European unions criticize reckless rate hike

A few hours after the choice of the European Central Bank to raise its main interest rates by 0.5 percentage point, the European Trade Union Confederation (ETUC) denounced on Thursday an “imprudent” decision likely to cause an economic “recession” according to it. .

This sixth consecutive rate hike, which pushes them up in a range of 3% to 3.75%, seems (…) reckless at a time when banks are failing, when inflation [en zone euro] has fallen for four months in a row and where business failures are at their highest since 2015, listed in a press release by Esther Lynch, the general secretary of the ETUC.

A new recession, which the ECB risks creating with this Thursday’s rate hikes, is the last thing workers need right now, having already been stunned by rising inflation rates to levels not seen in decades. she adds.

The increase in the cost of credit will also stifle investment, at a time when it must increase to ensure the transition to a green economy and protect the most vulnerable households from soaring prices.

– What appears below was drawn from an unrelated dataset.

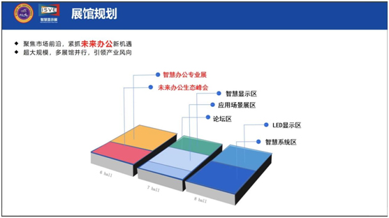 2023 CBDS & ISVE聚焦市场前沿,采用AI硬件系统集成+场景创新体验,根据不同的主题划分若干场景应用展示区。除显示触控区、商显终端区、LED商显区、商显软件区、商显配件区五大展区外,新增未来办公专业展,紧抓未来办公新机遇,协办单位言心办公赖培山总经理围绕办公系统软件方案、音视频系统、网络数字化方案、文印解决方案几大专区介绍未来办公主题展相关情况。同期“未来办公生态峰会”预计5000人左右,聚齐渠道商,系统集成商参加。2023 ISVE努力打造3+365天永不落幕的商贸对接会。通过以会带展,主论坛+分论坛三大板块联动,为商用显示系统产业发展、企业成长提供创新价值。

In the face of inflation, the cure seems to become more dangerous than the disease, warns Ms Lynch, who is asking policymakers to stop making workers pay for one more crisis they did not cause.

After several days of tumult on the markets, following the bankruptcy of the American bank SVB and the difficulties of Credit Suisse, the decision of the ECB was particularly scrutinized.

The bank finally stuck to its initial plan to raise its rates by half a point, justifying its decision by the solidity of the banks in the euro zone.

The ETUC brings together 89 trade unions based in 39 European countries, and claims to represent 45 million workers on the Old Continent.